Bu yazıda sırasıyla;
• Tarafların kira sözleşmesinin başlangıcında kira bedelini belirlerken dikkat etmesi gereken hususlar,
• Belirlenen bu bedelin ilerleyen yıllarda ne şekilde artırılacağının sözleşme ile düzenlenmesinin önemi,
• Taraflarca kira artış oranının sabit, belirli ve açık bir oran olarak kararlaştırılması ile belirsiz ve muğlak ifadelerle artış öngörülmesinin doğuracağı farklı hukuki sonuçlar ele alınacaktır.

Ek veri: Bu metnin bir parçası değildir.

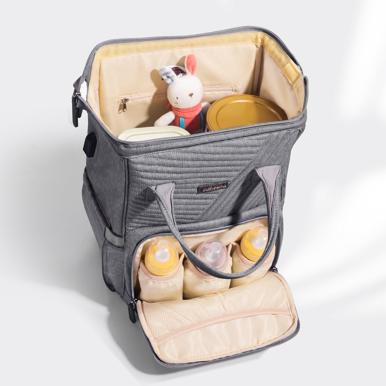 - The wide opening design allows parents to easily find their baby's items, while keeping the bag neat and well-organized.
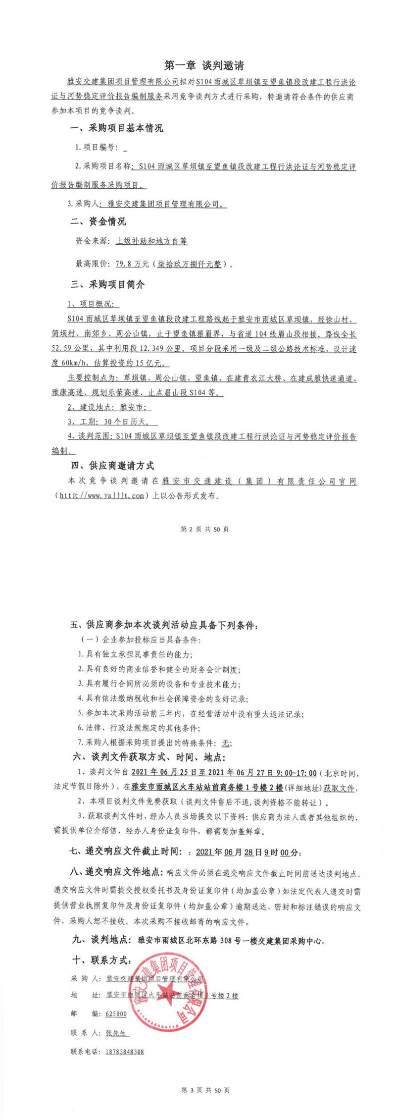 雅安交建集團項目管理有限公司S104雨城區(qū)草壩鎮(zhèn)至望魚鎮(zhèn)段改建工程行洪論證與河勢穩(wěn)定評價報告編制服務(wù)采購項目競爭談判公告
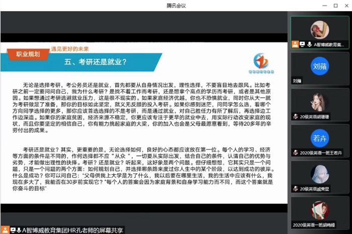 更新时间:2022-05-15 13:45 5月14日,文学院邀请山东智博威教育科技集团金牌讲师付碧波讲师为我院英语专业学生做题为《如何准确认识你自己》线上职业规划专题讲座。
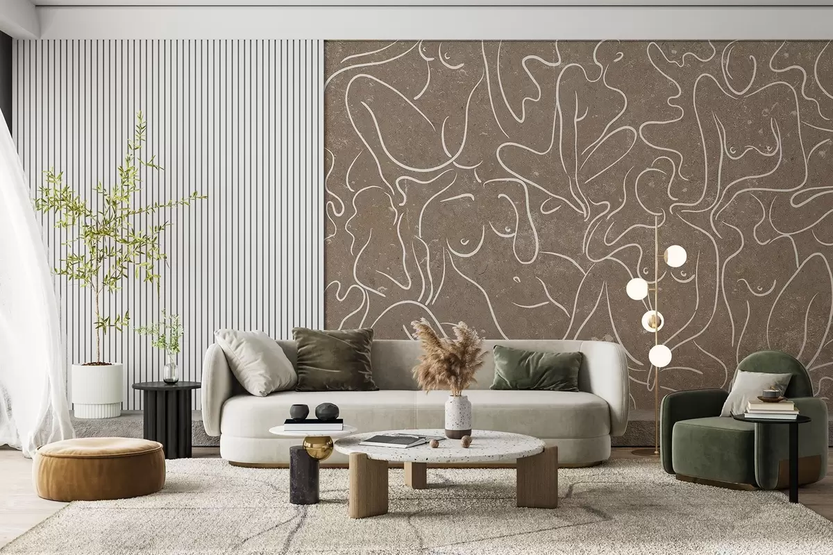 Fototapeten Strichzeichnung anatomische Silhouetten, Abstraktion, beige Hintergrund N° w03756
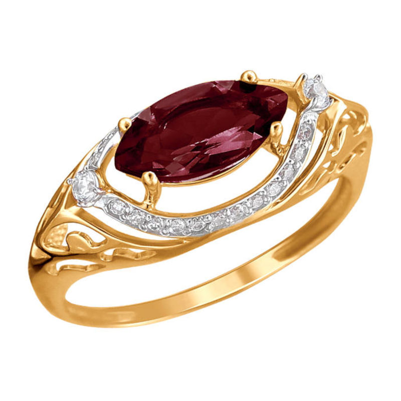 Кольцо из красного золота 585 пробы с гранатом и фианитами 01К3112173Р-6
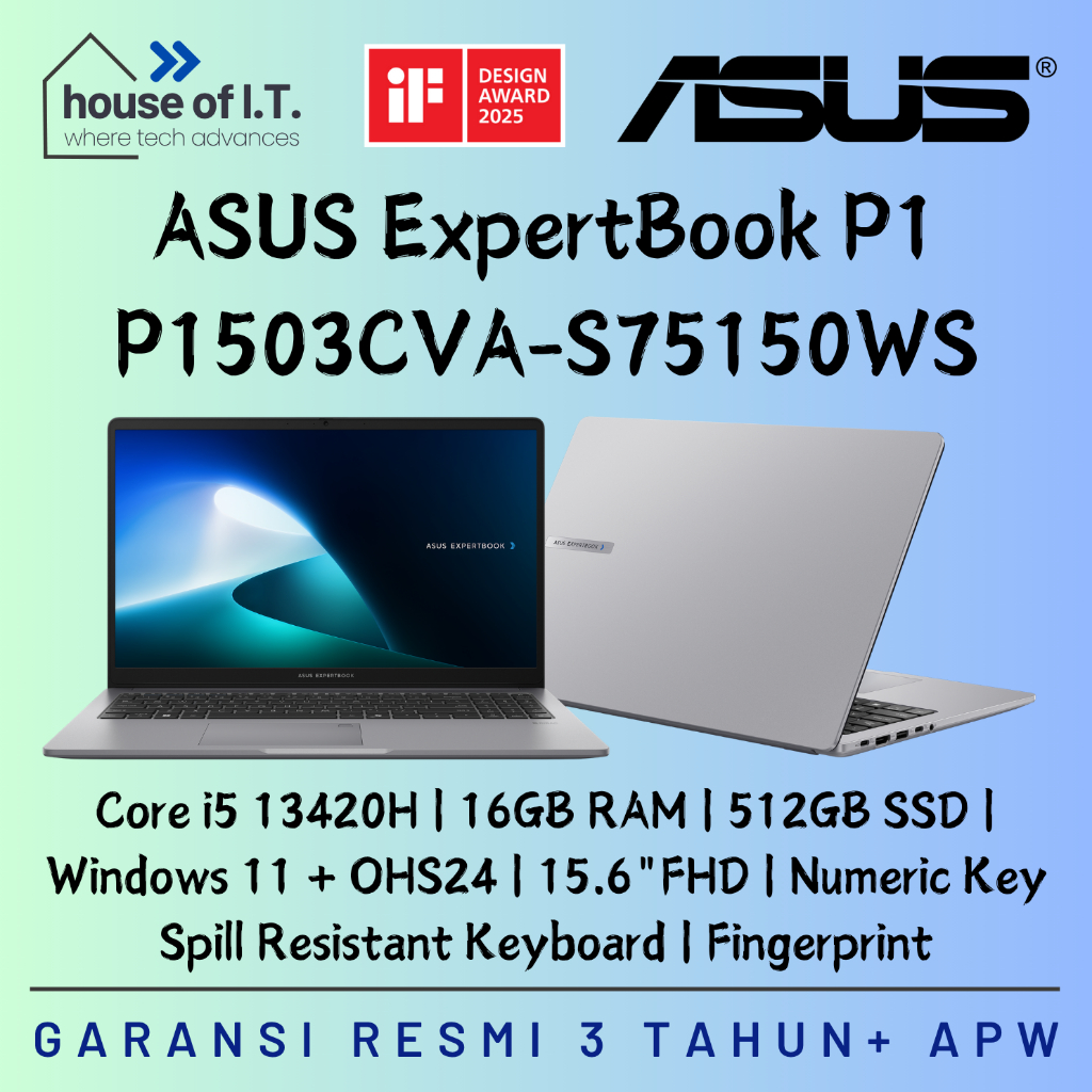 ASUS EXPERTBOOK P1 P1503CVA-S75150WS - i5 13420H 16GB 512GB W11 OHS 15.6"FHD 3Y - Garansi Resmi - Asus P1503CVA i5
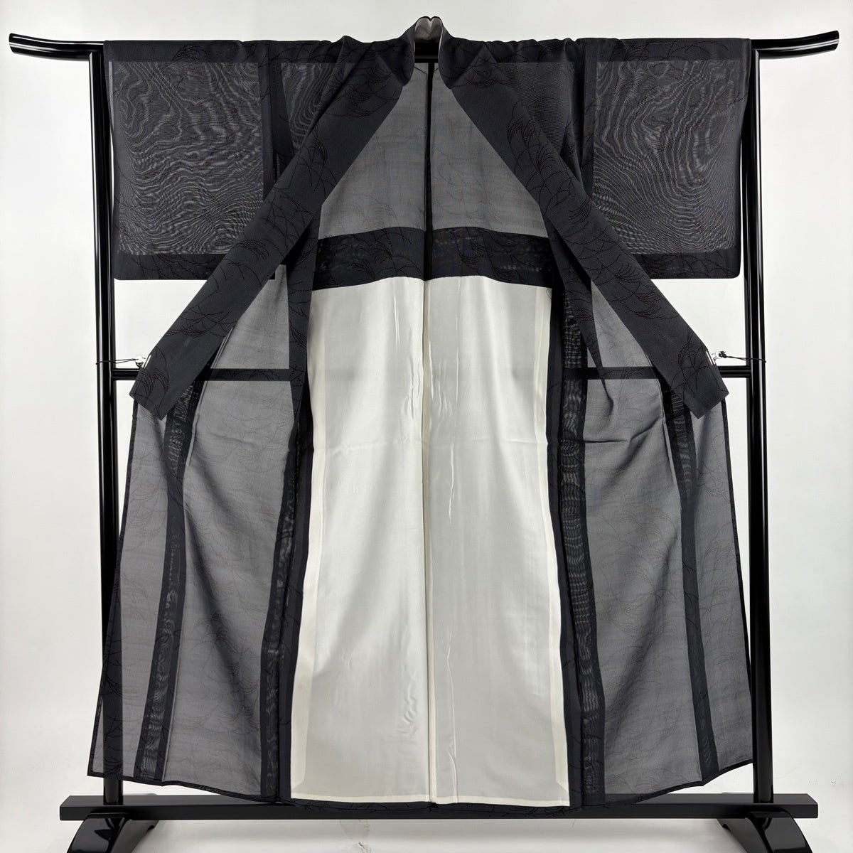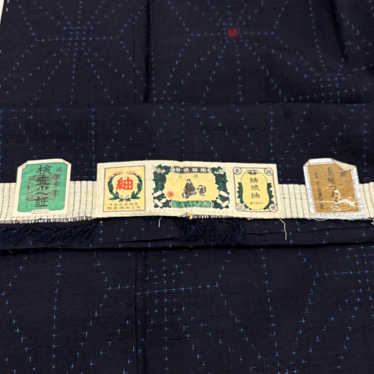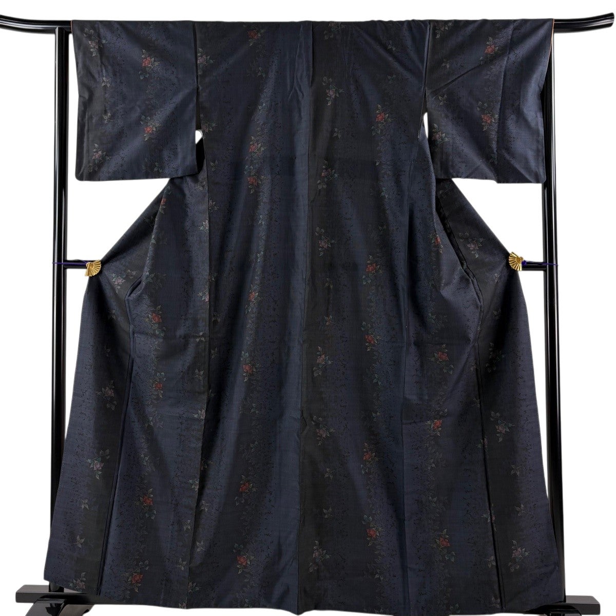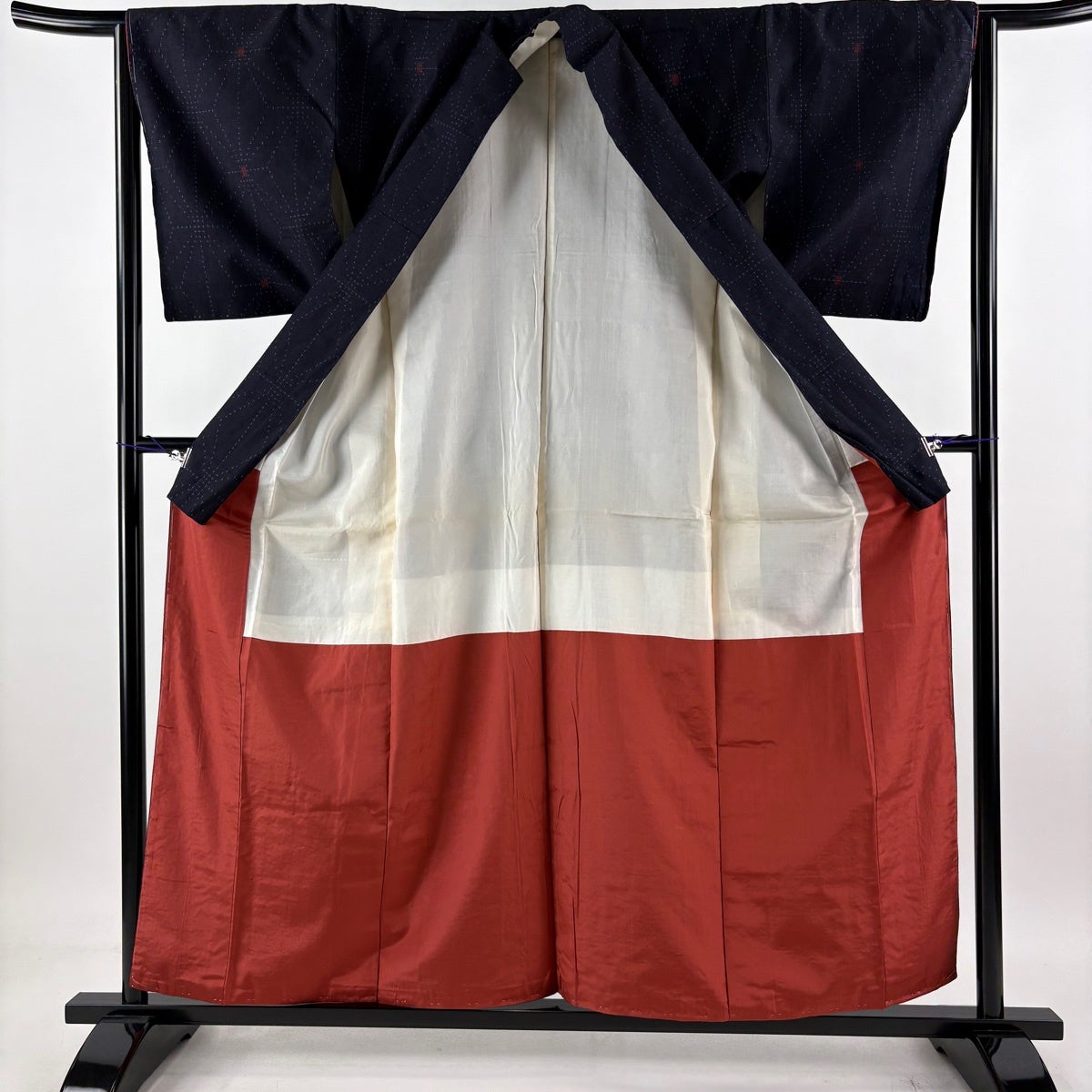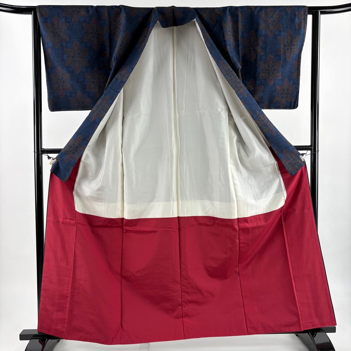 紬 身丈155.5cm 裄丈62cm S 薄物 夏紬 幾何学 紺色 正絹 優品

Kira Bedeli ve Artış Şartının Belirlenmesi
Kira bedeli, bir kira sözleşmesinde kiralanan taşınmazın (veya taşınırın) kullanım veya ondan yararlanma hakkı karşılığında kiracının, kiraya verene ödemeyi taahhüt ettiği kira sözleşmesinin asli unsurlarından biri olarak tanımlanır.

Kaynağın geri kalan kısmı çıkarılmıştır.